By Thomas Sowell
Tuesday, August 05, 2014
Some have said that we are living in a post-industrial
era, while others have said that we are living in a post-racial era. But
growing evidence suggests that we are living in a post-thinking era.
Many people in Europe and the Western Hemisphere are
staging angry protests against Israel's military action in Gaza. One of the
talking points against Israel is that far more Palestinian civilians have been
killed by Israeli military attacks than the number of Israeli civilians killed
by the Hamas rocket attacks on Israel that started this latest military
conflict.
Are these protesters aware that vastly more German
civilians were killed by American bombers attacking Nazi Germany during World
War II than American civilians killed in the United States by Hitler's forces?
Talk show host Geraldo Rivera says that there is no way
Israel is winning the battle for world opinion. But Israel is trying to win the
battle for survival, while surrounded by enemies. Might that not be more
important?
Has any other country, in any other war, been expected to
keep the enemy's civilian casualties no higher than its own civilian
casualties? The idea that Israel should do so did not originate among the
masses but among the educated intelligentsia.
In an age when scientists are creating artificial
intelligence, too many of our educational institutions seem to be creating
artificial stupidity.
It is much the same story in our domestic controversies.
We have gotten so intimidated by political correctness that our major media
outlets dare not call people who immigrate to this country illegally
"illegal immigrants."
Geraldo Rivera has denounced the Drudge Report for
carrying news stories that show some of the negative consequences and dangers
from allowing vast numbers of youngsters to enter the country illegally and be
spread across the country by the Obama administration.
Some of these youngsters are already known to be carrying
lice and suffering from disease. Since there have been no thorough medical
examinations of most of them, we have no way of knowing whether, or how many,
are carrying deadly diseases that will spread to American children when these
unexamined young immigrants enter schools across the country.
The attack against Matt Drudge has been in the classic
tradition of demagogues. It turns questions of fact into questions of motive.
Geraldo accuses Drudge of trying to start a "civil war."
Back when masses of immigrants from Europe were entering
this country, those with dangerous diseases were turned back from Ellis Island.
Nobody thought they had a legal or a moral "right" to be in America
or that it was mean or racist not to want our children to catch their diseases.
Even on the less contentious issue of minimum wage laws,
there are the same unthinking reactions.
Although liberals are usually gung ho for increasing the
minimum wage, there was a sympathetic front page story in the July 29th San
Francisco Chronicle about the plight of a local non-profit organization that
will not be able to serve as many low-income minority youths if it has to pay a
higher minimum wage.
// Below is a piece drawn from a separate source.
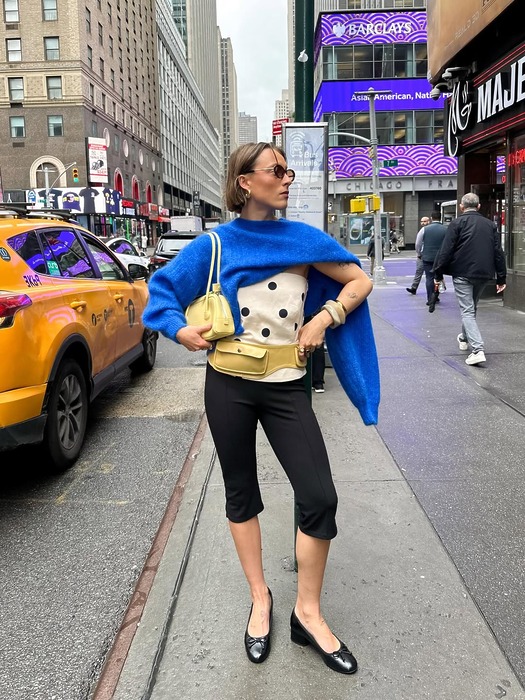 무채색 스타일링에 비비드한 니트를 걸치고 한쪽 팔만 빼입는 방식도 유행 중입니다. 이렇게 하면 니트의 면적이 줄어들어 강한 컬러에 대한 부담은 줄고, 실루엣에 재미는 더해지죠. 이너로는 도트나 스트라이프 패턴이 들어간 톱을 선택하면 예상치 못한 반전 매력까지 더할 수 있습니다.

They are seeking some kind of exemption.
Does it not occur to these people that the very same
thing happens when a minimum wage increase applies to profit-based employers?
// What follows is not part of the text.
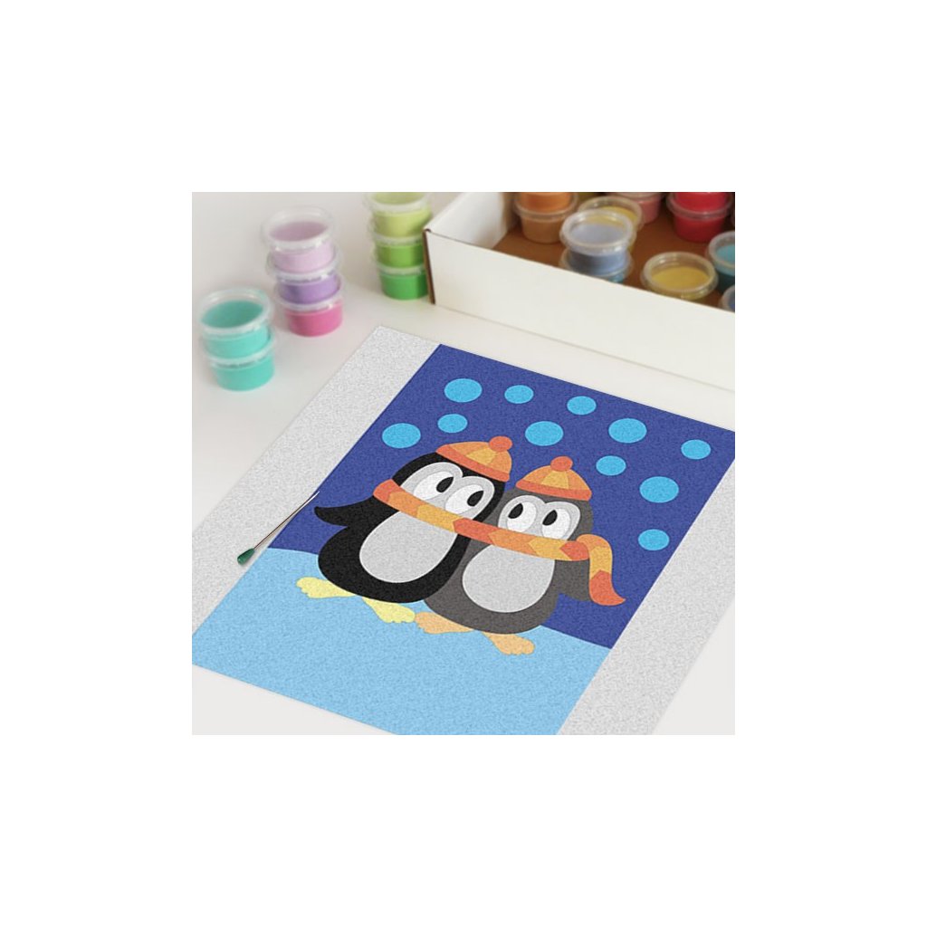 Obrázky vysypávané pískem je kreativní tvoření, které zaujme všechny generace svou jednoduchostí a nepřeberným množstvím barevných variant. Tvoření rozvíjí fantazii, barevné cítění a procvičuje jemnou motoriku prstů. Činnost může působit na uvolnění mysli, meditativně nebo relaxačně. Při tvoření v kolektivu působí pozitivně na týmový duch.Doplňkové parametry

They too tend to hire fewer inexperienced young people when there is a minimum
wage law.
This is not breaking news. This is what has been
happening for generations in the United States and in other countries around
the world.
One of the few countries without a minimum wage law is
Switzerland, where the unemployment rate has been consistently less than 4
percent for years. Back in 2003, The Economist magazine reported that
"Switzerland's unemployment neared a five-year high of 3.9% in February."
The most recent issue shows the Swiss unemployment rate back to a more normal
3.2 percent.
Does anyone think that having minimum wage laws and high
youth unemployment is better? In fact, does anyone think at all these days?